Wherever pictures appear in the listing below, leave them out, and copy exactly, and only, everything from the line with "A hatalmas nappali" down to the line with "安可拉2025新款红色高级感".

*INPUT FOR THIS TASK:*
========================================

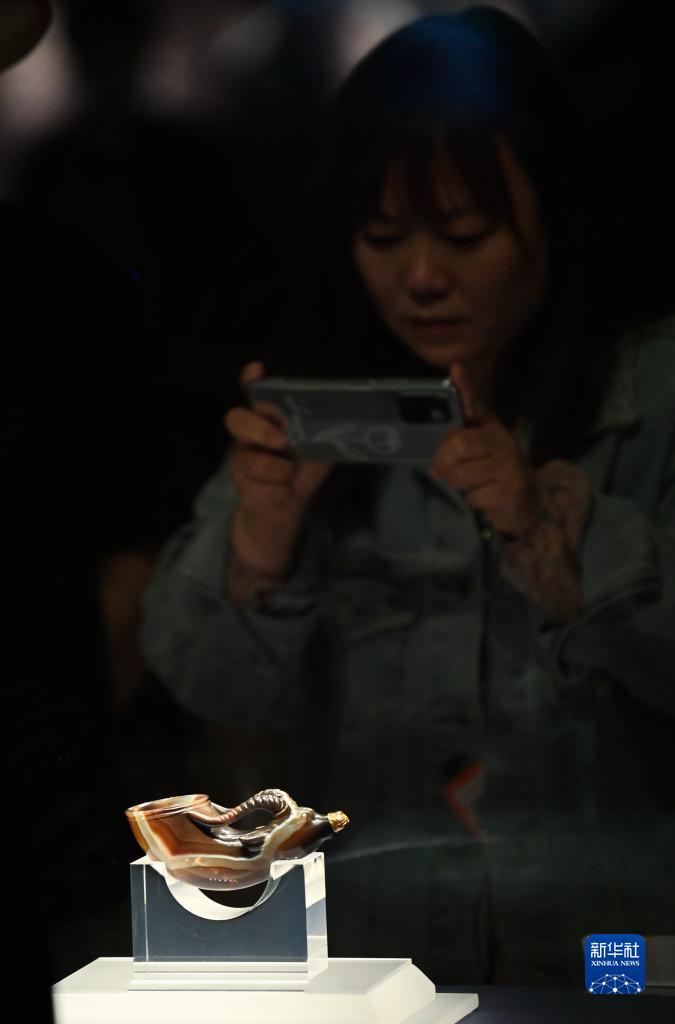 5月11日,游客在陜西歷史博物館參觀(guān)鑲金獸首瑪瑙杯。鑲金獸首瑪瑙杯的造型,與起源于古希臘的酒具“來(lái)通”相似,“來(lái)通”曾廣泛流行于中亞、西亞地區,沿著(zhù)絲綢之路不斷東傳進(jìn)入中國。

========================================

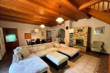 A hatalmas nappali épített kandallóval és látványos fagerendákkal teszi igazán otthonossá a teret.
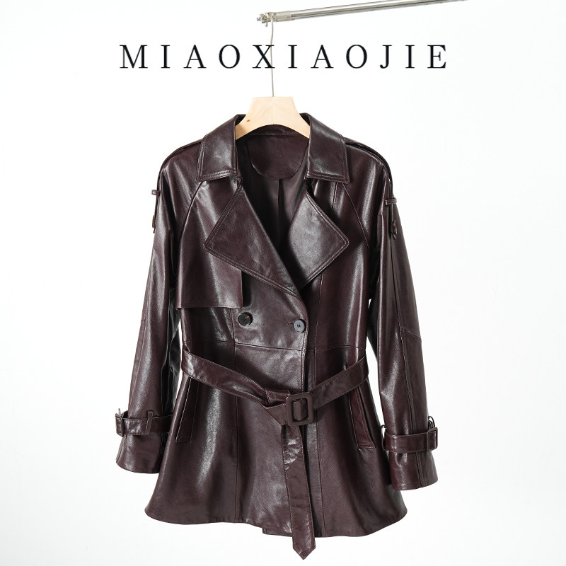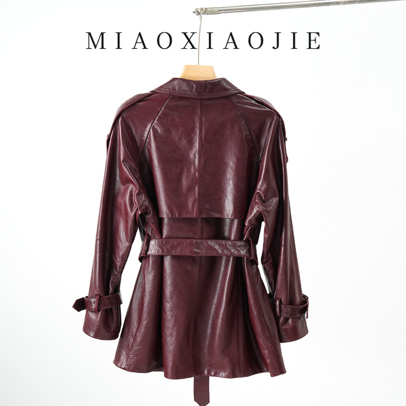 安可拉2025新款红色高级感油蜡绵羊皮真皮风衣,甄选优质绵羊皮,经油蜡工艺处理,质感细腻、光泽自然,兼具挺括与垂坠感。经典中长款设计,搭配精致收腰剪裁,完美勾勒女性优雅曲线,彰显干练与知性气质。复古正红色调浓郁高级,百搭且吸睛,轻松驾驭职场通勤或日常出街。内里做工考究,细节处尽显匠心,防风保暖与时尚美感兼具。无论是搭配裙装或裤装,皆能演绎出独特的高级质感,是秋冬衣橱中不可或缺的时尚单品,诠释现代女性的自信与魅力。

========================================

*SOLUTION BELOW:*
 A hatalmas nappali épített kandallóval és látványos fagerendákkal teszi igazán otthonossá a teret.
 安可拉2025新款红色高级感油蜡绵羊皮真皮风衣,甄选优质绵羊皮,经油蜡工艺处理,质感细腻、光泽自然,兼具挺括与垂坠感。经典中长款设计,搭配精致收腰剪裁,完美勾勒女性优雅曲线,彰显干练与知性气质。复古正红色调浓郁高级,百搭且吸睛,轻松驾驭职场通勤或日常出街。内里做工考究,细节处尽显匠心,防风保暖与时尚美感兼具。无论是搭配裙装或裤装,皆能演绎出独特的高级质感,是秋冬衣橱中不可或缺的时尚单品,诠释现代女性的自信与魅力。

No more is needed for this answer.